RAW DATA:
Start of Block

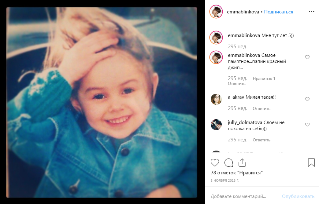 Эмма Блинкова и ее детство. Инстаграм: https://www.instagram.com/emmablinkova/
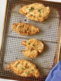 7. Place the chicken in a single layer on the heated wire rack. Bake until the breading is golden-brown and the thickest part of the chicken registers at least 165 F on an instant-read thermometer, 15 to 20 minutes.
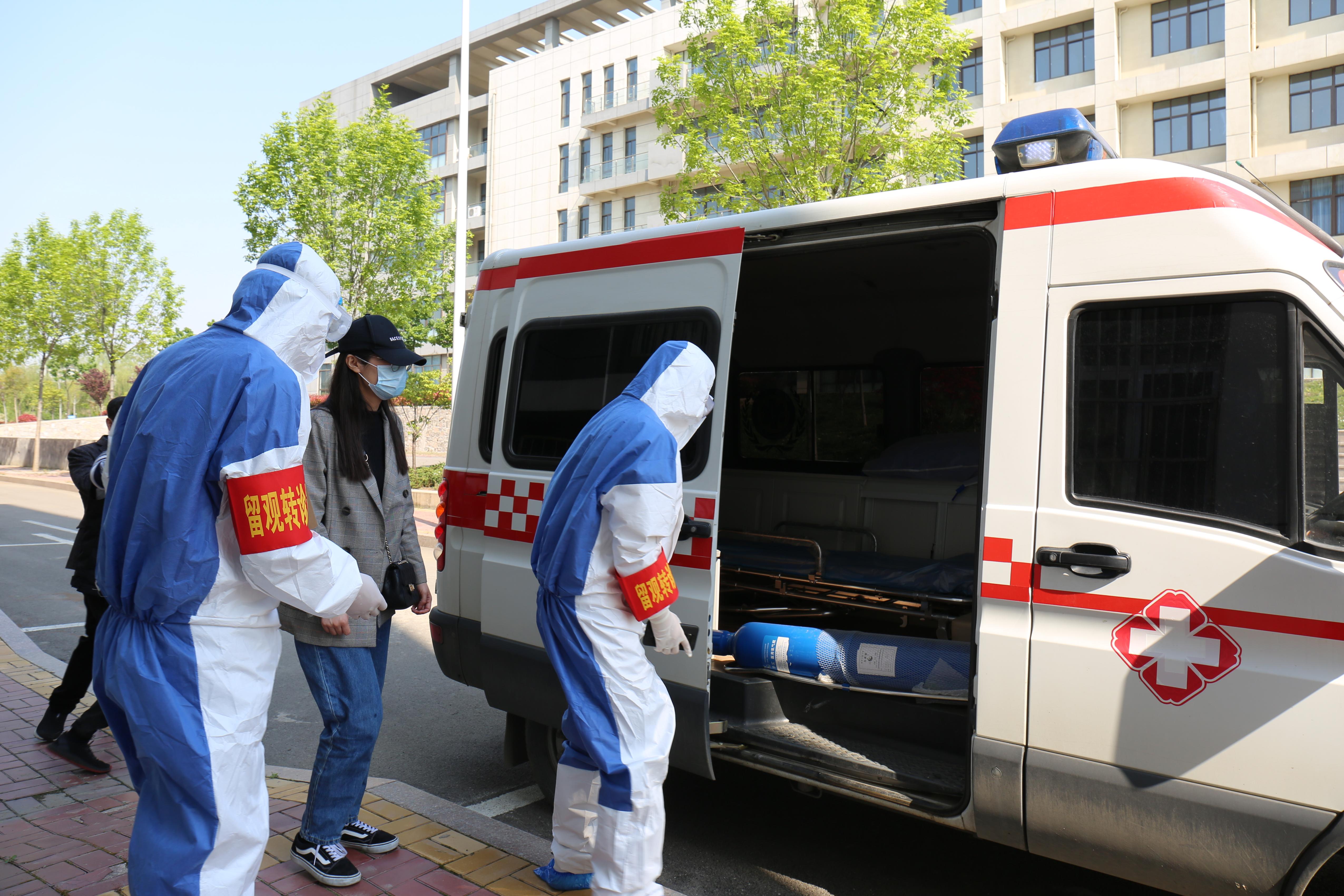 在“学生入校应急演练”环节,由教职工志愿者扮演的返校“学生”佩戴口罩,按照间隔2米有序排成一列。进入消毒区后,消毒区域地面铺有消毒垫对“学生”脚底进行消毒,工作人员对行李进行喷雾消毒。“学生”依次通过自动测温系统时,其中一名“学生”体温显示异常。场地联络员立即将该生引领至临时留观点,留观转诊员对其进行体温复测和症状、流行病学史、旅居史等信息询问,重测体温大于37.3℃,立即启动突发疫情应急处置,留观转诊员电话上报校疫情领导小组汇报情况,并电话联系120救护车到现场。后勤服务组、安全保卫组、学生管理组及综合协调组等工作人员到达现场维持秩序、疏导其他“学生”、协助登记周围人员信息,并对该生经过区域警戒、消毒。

End of Block

WORK ITEM:
Retype the listing exactly. Skip every picture.

OUTPUT BELOW:
 Эмма Блинкова и ее детство. Инстаграм: https://www.instagram.com/emmablinkova/
 7. Place the chicken in a single layer on the heated wire rack. Bake until the breading is golden-brown and the thickest part of the chicken registers at least 165 F on an instant-read thermometer, 15 to 20 minutes.
 在“学生入校应急演练”环节,由教职工志愿者扮演的返校“学生”佩戴口罩,按照间隔2米有序排成一列。进入消毒区后,消毒区域地面铺有消毒垫对“学生”脚底进行消毒,工作人员对行李进行喷雾消毒。“学生”依次通过自动测温系统时,其中一名“学生”体温显示异常。场地联络员立即将该生引领至临时留观点,留观转诊员对其进行体温复测和症状、流行病学史、旅居史等信息询问,重测体温大于37.3℃,立即启动突发疫情应急处置,留观转诊员电话上报校疫情领导小组汇报情况,并电话联系120救护车到现场。后勤服务组、安全保卫组、学生管理组及综合协调组等工作人员到达现场维持秩序、疏导其他“学生”、协助登记周围人员信息,并对该生经过区域警戒、消毒。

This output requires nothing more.